In the records that follow, the lines from the one containing "На 9 юни Николина" to the one containing "Birkin 25 is", inclusive, are to be given again exactly.

(SUPPLIED MATERIAL begins)

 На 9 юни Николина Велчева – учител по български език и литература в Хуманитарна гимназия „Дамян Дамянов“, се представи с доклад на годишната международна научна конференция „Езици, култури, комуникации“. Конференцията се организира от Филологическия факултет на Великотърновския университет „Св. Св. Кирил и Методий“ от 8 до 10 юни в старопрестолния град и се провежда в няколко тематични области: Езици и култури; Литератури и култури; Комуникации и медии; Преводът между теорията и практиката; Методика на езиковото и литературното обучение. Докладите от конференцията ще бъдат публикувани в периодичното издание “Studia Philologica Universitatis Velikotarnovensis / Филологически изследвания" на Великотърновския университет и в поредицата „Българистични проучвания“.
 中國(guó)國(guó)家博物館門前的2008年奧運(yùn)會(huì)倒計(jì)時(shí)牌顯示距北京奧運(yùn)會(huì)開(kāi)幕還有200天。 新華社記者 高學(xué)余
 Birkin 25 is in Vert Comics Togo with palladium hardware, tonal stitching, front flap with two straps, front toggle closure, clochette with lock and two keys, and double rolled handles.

(SUPPLIED MATERIAL ends)
(SUPPLIED MATERIAL begins)

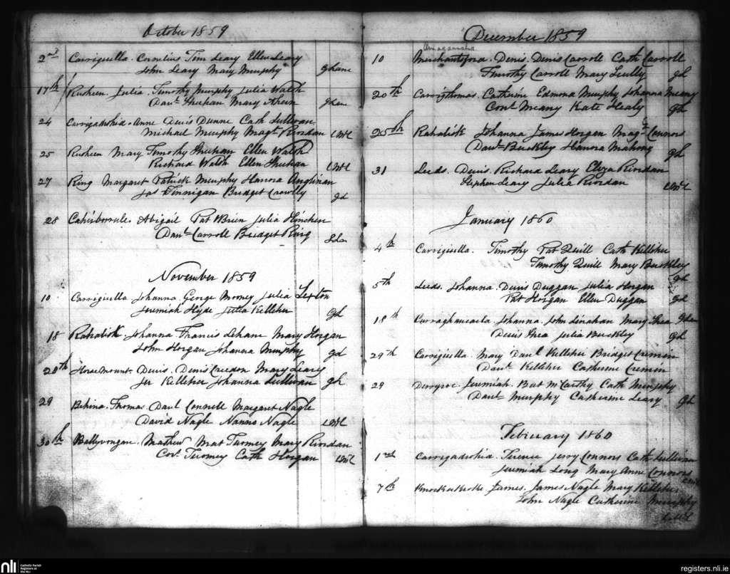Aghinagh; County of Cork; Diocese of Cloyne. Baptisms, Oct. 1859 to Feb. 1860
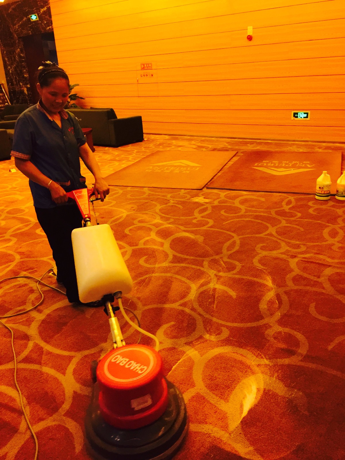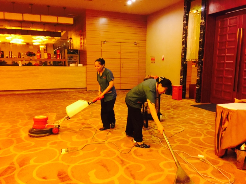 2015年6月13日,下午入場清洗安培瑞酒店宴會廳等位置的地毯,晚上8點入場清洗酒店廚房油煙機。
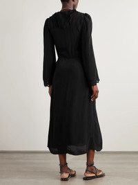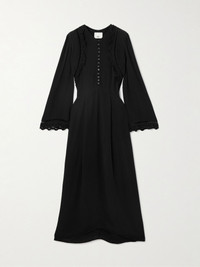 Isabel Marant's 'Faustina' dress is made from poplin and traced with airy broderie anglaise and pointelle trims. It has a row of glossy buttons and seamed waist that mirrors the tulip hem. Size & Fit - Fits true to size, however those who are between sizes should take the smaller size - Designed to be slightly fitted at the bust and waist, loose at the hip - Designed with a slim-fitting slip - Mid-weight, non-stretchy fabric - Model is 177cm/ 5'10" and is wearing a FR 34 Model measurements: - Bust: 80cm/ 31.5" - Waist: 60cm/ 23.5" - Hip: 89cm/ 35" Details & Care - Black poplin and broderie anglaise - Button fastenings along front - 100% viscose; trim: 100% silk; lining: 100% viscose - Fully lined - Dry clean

(SUPPLIED MATERIAL ends)

▶ [SOLUTION TO THIS TASK]
 На 9 юни Николина Велчева – учител по български език и литература в Хуманитарна гимназия „Дамян Дамянов“, се представи с доклад на годишната международна научна конференция „Езици, култури, комуникации“. Конференцията се организира от Филологическия факултет на Великотърновския университет „Св. Св. Кирил и Методий“ от 8 до 10 юни в старопрестолния град и се провежда в няколко тематични области: Езици и култури; Литератури и култури; Комуникации и медии; Преводът между теорията и практиката; Методика на езиковото и литературното обучение. Докладите от конференцията ще бъдат публикувани в периодичното издание “Studia Philologica Universitatis Velikotarnovensis / Филологически изследвания" на Великотърновския университет и в поредицата „Българистични проучвания“.
 中國(guó)國(guó)家博物館門前的2008年奧運(yùn)會(huì)倒計(jì)時(shí)牌顯示距北京奧運(yùn)會(huì)開(kāi)幕還有200天。 新華社記者 高學(xué)余
 Birkin 25 is in Vert Comics Togo with palladium hardware, tonal stitching, front flap with two straps, front toggle closure, clochette with lock and two keys, and double rolled handles.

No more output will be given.